**PROVIDED DATA**:
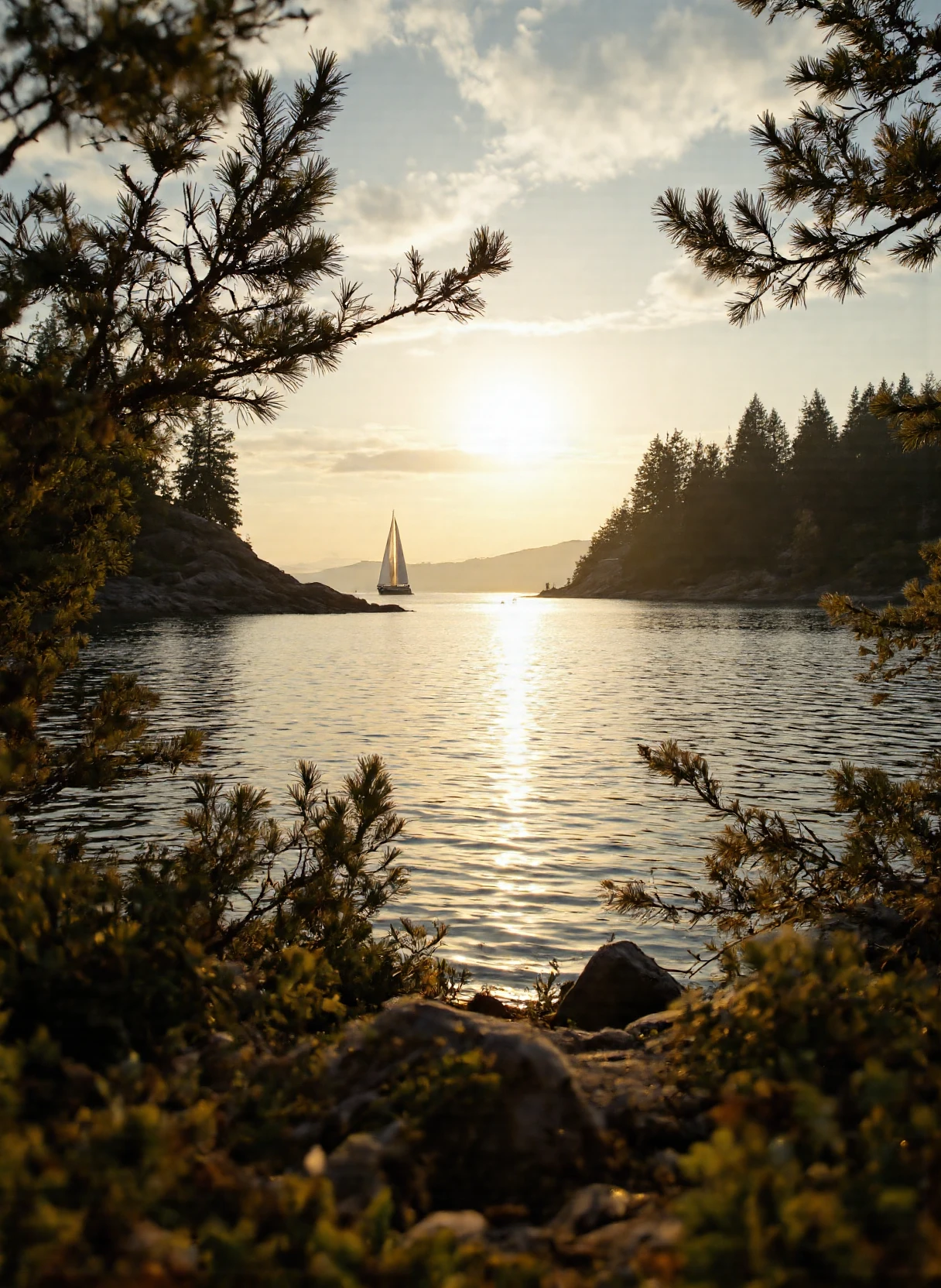 The image depicts a serene lakeside scene during sunset. In the foreground, there are pine tree branches framing the view, their needles silhouetted against the water and sky. The water reflects the warm hues of the setting sun, creating a shimmering effect on its surface. In the middle ground, a sailboat is visible, gliding smoothly across the calm lake. The boat's sails are fully unfurled, catching the light and adding to the tranquil atmosphere. The shoreline in the background features a rocky outcrop with dense trees, likely conifers, which adds depth and texture to the landscape. The sky transitions from a soft yellow near the horizon to a deeper blue higher up, indicating the time of day is either early morning or late evening. The overall composition conveys a sense of peace and natural beauty, capturing a moment of quiet reflection by the water.
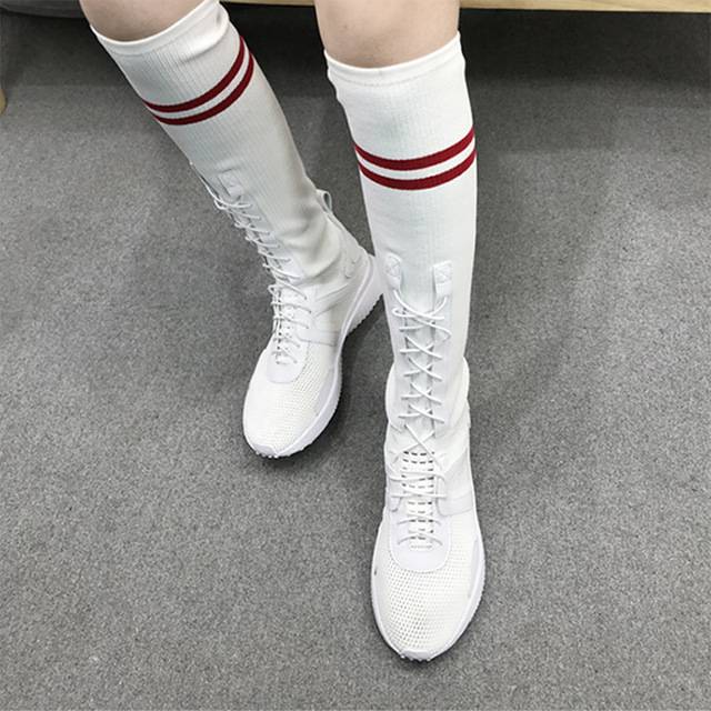 2018秋冬新款靴子弹力长筒靴学院风运动袜子靴女鞋休闲高筒靴学生
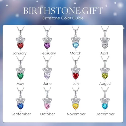 • ♛Girl's Gift♛ This princess crown heart birthstone necklace comes in a beautiful gift box,it is the best graduation gifts for daughter, niece, granddaughter, best friends or your love.
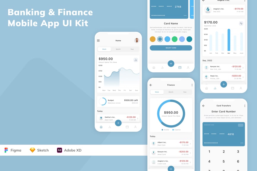 每个屏幕都可完全自定义,易于使用,并针对 Figma、Sketch 和 Adobe XD 进行了精心设计。

**WHAT YOU HAVE TO DO**: Your reply should be the full data above, copied exactly, with no pictures in it.

**YOUR SOLUTION**:
 The image depicts a serene lakeside scene during sunset. In the foreground, there are pine tree branches framing the view, their needles silhouetted against the water and sky. The water reflects the warm hues of the setting sun, creating a shimmering effect on its surface. In the middle ground, a sailboat is visible, gliding smoothly across the calm lake. The boat's sails are fully unfurled, catching the light and adding to the tranquil atmosphere. The shoreline in the background features a rocky outcrop with dense trees, likely conifers, which adds depth and texture to the landscape. The sky transitions from a soft yellow near the horizon to a deeper blue higher up, indicating the time of day is either early morning or late evening. The overall composition conveys a sense of peace and natural beauty, capturing a moment of quiet reflection by the water.
 2018秋冬新款靴子弹力长筒靴学院风运动袜子靴女鞋休闲高筒靴学生
 • ♛Girl's Gift♛ This princess crown heart birthstone necklace comes in a beautiful gift box,it is the best graduation gifts for daughter, niece, granddaughter, best friends or your love.
 每个屏幕都可完全自定义,易于使用,并针对 Figma、Sketch 和 Adobe XD 进行了精心设计。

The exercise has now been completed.